Mainz 05 bietet aufregenden Fußball und verliert nach einer Führung am Ende doch noch mit 2:3 gegen Hoffenheim.

Bundesliga - Mainz vs Hoffenheim
Sandro Wagner im Zweikampf mit Jean-Philippe Gbamin. Foto: rtr

Wer am Mittwochabend zu Hause geblieben war und die Partie Mainz 05 gegen 1899 Hoffenheim deshalb im nicht annähernd ausverkauften Stadion vor Ort ausgelassen hatte, verpasste viel. Sehr viel sogar. Beim der höchst unglücklichen 2:3 (2:2)-Niederlage vor nur 23 500 Zuschauern präsentierten beide Mannschaften Bundesligafußball der aufregenderen Art.

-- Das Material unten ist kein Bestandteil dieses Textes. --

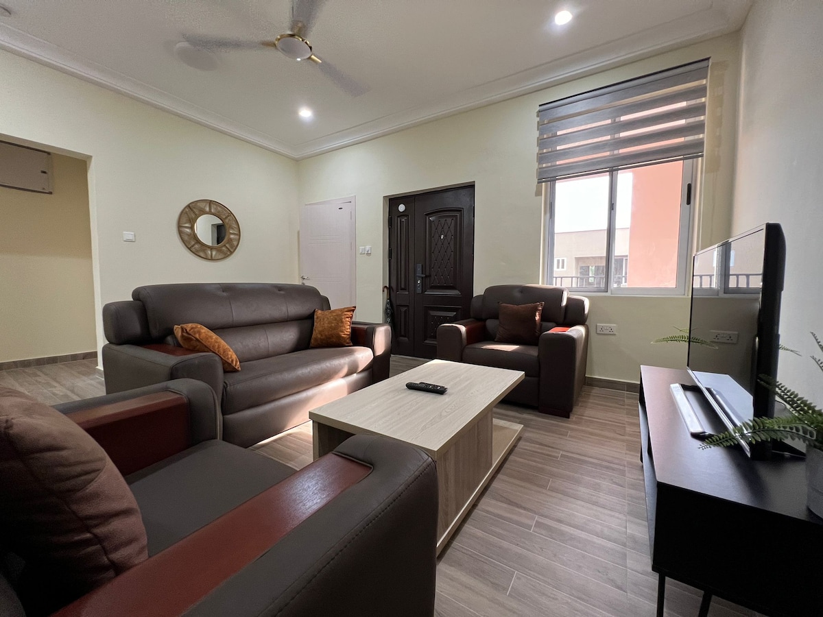 Welcome to this modern and stylish two-bedroom apartment that is perfect for individual and family stays. The apartment is conveniently situated from the Oyibi Police Station and Valley View University. Enjoy peace of mind with 24-hour security.

In Mainz zumindest hat man diese Qualität und Leidenschaft in Kombination schon länger nicht mehr gesehen. Umso bitterer, dass die Klasseleistung der am Ende tief enttäuschten Rheinhessen noch nicht einmal mit einem mickrigen Punkt belohnt wurde. Der Siegtreffer fiel in der Nachspielzeit. 

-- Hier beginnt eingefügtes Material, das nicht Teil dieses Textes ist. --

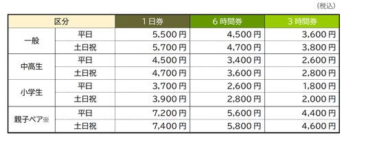 料金:土日祝日料金を適応し、1日券では最大13時間利用可能

Anfangs waren die Gäste aus Hoffenheim mit ihren Gedanken überall, nur nicht auf dem Platz. Die Nullfünfer dagegen attackierten früh und intensiv, und so kam es schon nach sechs Minuten, dass Danny Latza mit seinem rechten Fuß tätig wurde – danach stand es 1:0. Ein für alle, die nicht der TSG Hoffenheim zugeneigt sind, schön anzusehender Flachschuss aus 22 Metern, keine Chance für Keeper Oliver Baumann.

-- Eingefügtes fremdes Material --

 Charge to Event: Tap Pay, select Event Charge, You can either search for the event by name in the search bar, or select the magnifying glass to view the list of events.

In der Folge hätten die Mainzer leicht und locker mehr als nur ein weiteres Tor durch Yoshinori Muto in der 16. Minute erzielen können, doch allen voran der auffällige Levin Öztunali vergab zwei Chancen der Kategorie riesengroß. Die halbe Portion Muto dagegen blieb gegen die drei Hoffenheimer Abwehrhünen Kevin Vogt, Havard Nordtveit und Benjamin Hübner ganz cool, schlich sich mit dem Ball an den Riesenkerlen vorbei und bugsierte ihn mit links ins Tor. 
Hoffenheims Trainer Julian Nagelsmann war vor lauter Ärger über die ständigen Nachlässigkeiten der Seinen alles andere als amüsiert.

Wagner reibt sich auf

Aber dann gab es doch Grund zum Jubeln für die Truppe aus dem Kraichgau. Nadiem Amiri nutzte eine Unaufmerksamkeit in der Mainzer Abwehr postwendend zum 1:2 (23.), ehe René Adler seine Flugtauglichkeit gegen Lukas Rupp unter Beweis stellte. Aber die nützte dem Mainzer Torwart dann nichts mehr, als Sandro Wagner in der letzten Aktion der ersten Halbzeit nach einer Ecke von Rupp per Kopf zum Ausgleich traf – und sich sodann so auffällig diebisch in Richtung der Mainzer Ultraszene freute, dass dort Wut hochkochte.

Ganz ähnlich hatte es der Mittelstürmer vor etwas mehr als einem Jahr betrieben, seinerzeit mit dem Ergebnis, dass Mainz 05 einen 4:1-Vorsprung noch verspielte und sich am Ende mit einem Zähler begnügen musste. Zwölf Monate später bearbeiteten die Mainzer Abwehrspieler mit der Dreierkette aus Stefan Bell, Leon Balogun und dem bärenstarken Franzosen Jean-Philippe Gbamin den nicht nachlassenden Wagner in einer Art, die einige Beschwerden des Hoffenheimer Angriffsführers bei Schiedsrichter Manuel Gräfe nach sich zog.

Sicherlich erwähnenswert noch, dass der Spanier Jairo Samperio erstmals seit seinem in letzter Minute gescheiterten Wechsel zu Hannover 96 wieder für Mainz 05 spielte, der schnelle Außenspieler wurde nach einer guten Stunde eingewechselt. Dem kleinen Kerl war in der Folge, als die Mainzer dem Sieg näher waren, aber anzumerken, dass es ihm mächtig an Spielpraxis mangelt. Und weil Hoffenheim eine Spitzenmannschaft ist und Mainz 05 wohl bis zum Ende arg um den Klassenerhalt kämpfen muss, machte am Ende die etwas weniger gute von zwei guten Mannschaften den Siegtreffer. Mark Uth war in der dritten Minute der Nachspielzeit zum richtigen Zeitpunkt am richtigen Fleck.